Sivakumar Gowrisankar
Bioinformatician
Partners Healthcare Center for Personalized Genetic Medicine

Leath Tonkin

unread,

Apr 14, 2010, 12:14:57 PM4/14/10

to sol...@googlegroups.com

Hi Siva,

You are probably stuck using the demultiplex option. Just make a sample sheet and put the number "0" (zero) in the barcode field. This will bin everything into an "unknown" directory and you should be able to proceed from there. We mix regular and index libraries on the same run and I'm extremely frustrated too. It's been almost a month and I still don't have Gerald working correctly for the non-indexed lanes. I ended up concatenating all the qseq files and dumping them on the end customer to sort out all the reads.

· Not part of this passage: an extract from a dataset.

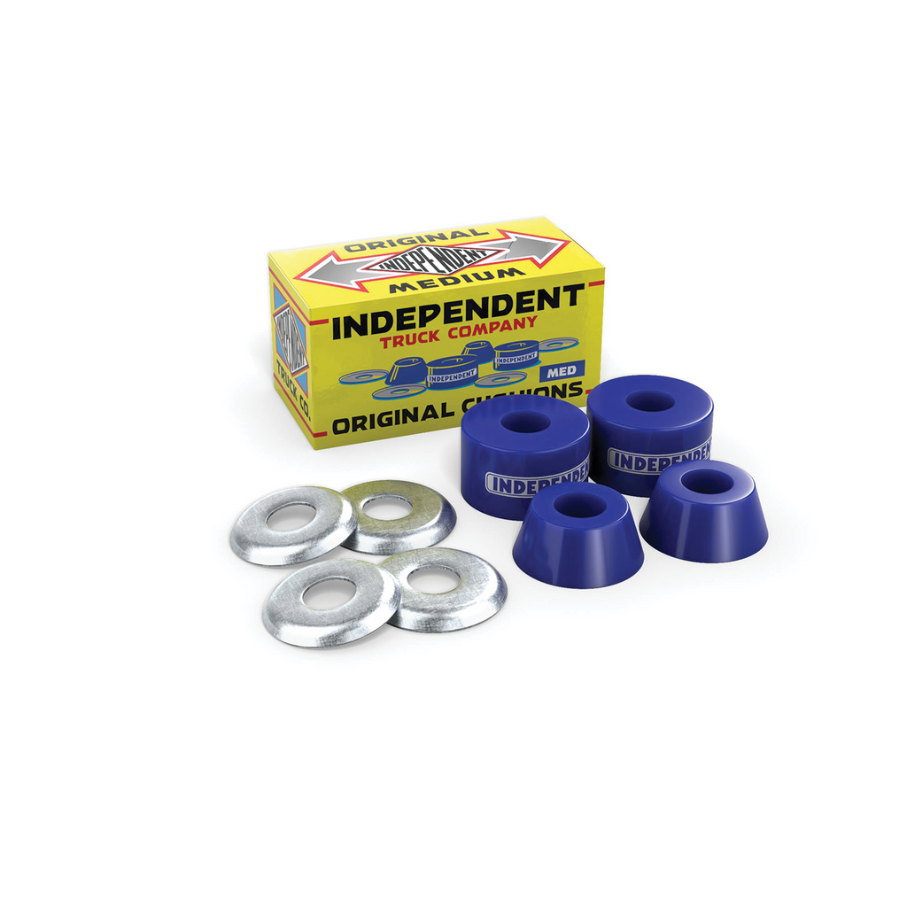Independent Original Cushions feature custom formulated ultra high rebound Genuine Parts urethane for superior stability and are sized perfectly to fit Independent Stages 1 through 7. Package comes with 2 top & 2 bottom cushions and cup washers. Available in Soft Red 90a, Medium Blue 92a, and Hard Black 94a.

Good luck and I hope this helps.

Leath

Leath Tonkin, PhD

Manager, Vincent J. Coates Genomics Sequencing Laboratory

QB3/University of California, Berkeley

B206 Stanley Hall

MC 3220

Berkeley, CA 94720-3220

(510) 666-3372

lto...@berkeley.edu

http://qb3.berkeley.edu/gsl/<--New website address! Please use only this to bookmark the site.

--
You received this message because you are subscribed to the Google Groups "solexa" group.
To post to this group, send email to sol...@googlegroups.com.
To unsubscribe from this group, send email to solexa+un...@googlegroups.com.
For more options, visit this group at http://groups.google.com/group/solexa?hl=en.

Abhishek Pratap

unread,

Apr 14, 2010, 12:18:09 PM4/14/10

to sol...@googlegroups.com

Hi Siva

I see what you are saying. I share the frustration you had with demultiplexing the runs but normally one is aware of the indexes used by the wet lab folks.

In case you are using CASAVA-v1.6 pipeline, I guess you can still demultiplex . I have used this option USE_BASES Y76,I6n,Y76 . If this doesnt work well with CASAVAv1.6 it surely does work with GA 1.4 GERALD

I6n is important. Due to noise the lase base of the index is ignored.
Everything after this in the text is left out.